Brainwave-decoding research explains facial recognition

Researchers at Glasgow University have been able to identify how the brain encodes the visual information that enables human beings to recognise faces and scenes.

Brainwaves — the patterns of electrical activity created in the brain when it is engaged in different activities — can easily be measured using electroencephalography (EEG).

But, according to Prof Philippe Schyns, director of Glasgow University’s Institute of Neurosciences and Psychology, while it was previously possible to detect EEG activity in certain areas of the brain when particular tasks were performed, until now it has been impossible to know what information was carried in those brainwaves.

In order to decode some of these brainwaves, the scientists at Glasgow recruited six volunteers and presented them with images of people’s faces, displaying different emotions such as happiness, fear and surprise.

On different experimental trials, parts of the images were randomly covered so that, for example, only the eyes or mouth were visible. The volunteers were then asked to identify the emotion being displayed.

While engaged in this exercise, the participants’ brainwaves were measured using EEG, which allowed the researchers to identify which parts of the brain were active when looking at different parts of the face.

In the trial, the researchers found that ’beta’ waves, which have a cycle of 12Hz, carried information about the eyes, while ’theta’ waves at 4Hz encoded information about the mouth. The researchers also found that information could be encoded depending on the phase or timing of the brainwave and less so by its amplitude or strength.

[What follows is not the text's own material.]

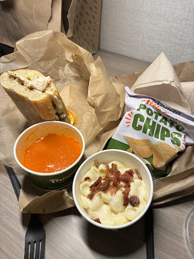 Read moreI go to Panera fairly often, at least 10 times this year; let me start off with saying I enjoy going to places more northern in the world, so that goes to say that my experience at Panera this particular location was very pleasurable. When I entered with my two other coworkers they finished and then as I was speaking to the young lady Jessica at the cash register she was so warm hearted and just very wonderful to talk to you! I think she should be givin a promotion and a reward for her outstanding service; she was able to vary intellectually and intuitively. Repeat my order back to me and she took down my phone number for my free sweets reward when she asked where my 717 area code resides in I kindly responded that it’s from the Pennsylvania Hershey area and she was nice enough to let me know that I have a nice accent which made me feel so full of joy and I almost forgot to go straight to the father in heaven for that wonderful praise that I received through such a kind hearted person! I ordered the chicken pesto and tomato dipper. I also ordered the French onion dipper with steak sandwich and the fireside chili. I included pictures below. The sandwiches are fair in their portion sizes and tasty. I very much so enjoyed the tomato dipping sauce it actually went much better with my mac & cheese with bacon on top. I also got my usual which is a cranberry loaf, which was good as usual although the fire side chilly was a bit more thin than I expected, but I do understand that Panera most likely puts most of their soups through food processors, and the chili stuck to its name by being very, very hot in temperature a.k.a. fireside chili, the atmosphere there was nice and I hope that all the hands that prepared my meal...

The research ties in with an initiative unique to Glasgow, developed by Prof Philippe Schyns, Prof Joachim Gross and Dr Gregor Thut at the Centre for Cognitive Neuroimaging (CCNi), combining magnetoencephalography (MEG), Transcranial Magnetic Stimulation (TMS) and statistical information mapping to understand how the oscillatory networks of the brain can be modelled and interacted with to enhance or suppress visual perception.

The research was funded by the Biotechnology and Biological Sciences Research Council, the ESRC and the MRC.